Women’s Studies: Alive, Well and Still Kicking

Women’s studies scholars met and rubbed shoulders with the stars of the 1970s movement and pondered both emerging international issues and–in the true sign of the maturity of the discipline–retirement concerns.

Editor’s note: Tobias is a founding and an active member of the National Women’s Studies Association.

BOSTON–On the surface, except for the preponderance of women, the recent conference at Simmons College could have been mistaken for any other academic gathering with more than 100 separate sessions, papers, plenaries and exchanges of job information in the lounges and eating places.

But, unlike gatherings of the more traditional disciplines, the National Women’s Studies Association is where cutting edge scholarship and feminist politics come together, with 1,300 scholars, teachers and students reaffirming their commitment to the field and its “subversive” character.

One scholar, Paula Gunn Allen, a Native American poet and professor emerita from University of California, Los Angeles, even challenged the wisdom of the sort of writing so common throughout the halls of academe.

“If you do academic prose, you get so far away from yourself that you’ll never find your ass,” Allen said.

In the hallways and restaurants, attendees at the 21st annual women’s studies conference mingled with such well-known feminists as one-time Clinton civil rights post nominee, Harvard University law professor Lani Guinier, author of “Becoming Gentlemen: Women, Law School and Institutional Change;” Blanche Wiesen Cook, biographer of Eleanor Roosevelt; and journalist Susan Brownmiller, best known for “Against Our Will: Men, Women and Rape” and “In Our Times: A Memoir of a Revolution.”

Among women’s studies newer concerns: Where do the inter-sex and transgendered women fit in? How to respond as women’s studies activists to reports on female mutilation in certain post-colonial African countries? And to “honor killing” in others?

No quick or easy answers were suggested, but the gathering was in part a celebration of a field come to maturity in the past three decades.

In fact, one of the workshops was about retirement; another, on financial security for aging lesbians. And many side discussions focused on tenure for women’s studies professors and the perennial worry about the survival of programs, as colleges and universities cut back on their liberal arts offerings and reduce budgets.

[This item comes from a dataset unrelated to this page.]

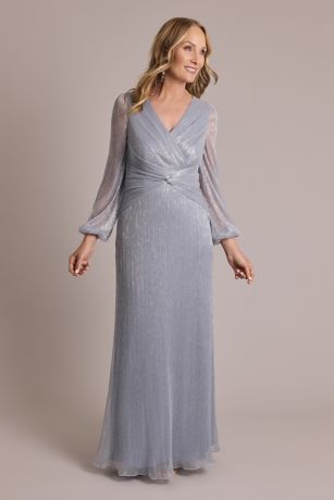 This stunning metallic long-sleeve knotted sheath dress from David's Bridal is the perfect choice for any special occasion. The shimmering fabric catches the light beautifully, making you stand out in any crowd. The knotted detail at the waist adds a touch of elegance and sophistication, while the long sleeves provide just the right amount of coverage. Whether you're attending a wedding, a holiday party, or a formal event, this dress is sure to turn heads. Pair it with your favorite heels and accessories for a complete look that is sure to impress.

Rita Arditti, gave one of the most moving presentations. The author of “Searching for Life: The Grandmothers of the Plaza De Mayo and the Disappeared Children of Argentina,” she described in detail the work of the grandmothers.

For 25 years, the grandmothers searched for the 500 children kidnapped or born in captivity to their sons and daughters, “disappeared” by the country’s ruling militia, Arditti said. A member of the faculty at the College of Graduate Studies of the Union Institute in Cambridge, Mass., Arditti added that the generals believed that children of their left-wing opponents could be harvested for use by the government. The grandmothers used DNA to track down 57 of their grandchildren and all but of a few chose to return to live with their biological families.

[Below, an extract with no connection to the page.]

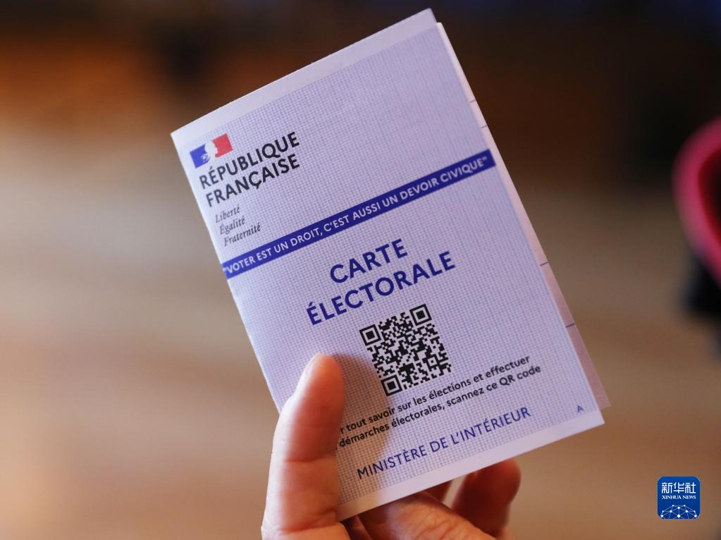 这是4月10日在法国巴黎郊区的克里希市一家投票站拍摄的选民证。

In a discussion of gendered politics and war and peace, sponsored by the Graduate Consortium on Women’s Studies at Radcliffe, Elise Boulding, professor emerita at Dartmouth College, echoed a theme from the recent United Nations special session on women’s rights. Boulding reminded women’s studies activists that “security for women may be very differently defined than security for the nation state.”

Radha Khumar, author of “Divide and Fall: Bosnia in the Annals of Partition” and a current fellow at the Council on Foreign Relations, concurred.

“Women would bring a very different perspective to solving ethnic conflicts,” she said. “Instead of taking sides, as U.N. peacekeepers tend to do, we would be evacuating the males on both sides of the conflict, which by itself would end the wars.”

The National Women’s Studies Association was founded in 1977 and as early as 1982 there were 4,000 courses and hundreds of formal programs. The field quickly expanded to graduate studies, a raft of feminist journals and thousands of books for the specialist and the general reader.

Today, the association has 319 institutional members and a new generation of students, some of whom are daughters (some fewer, granddaughters) of women’s studies scholars and activists.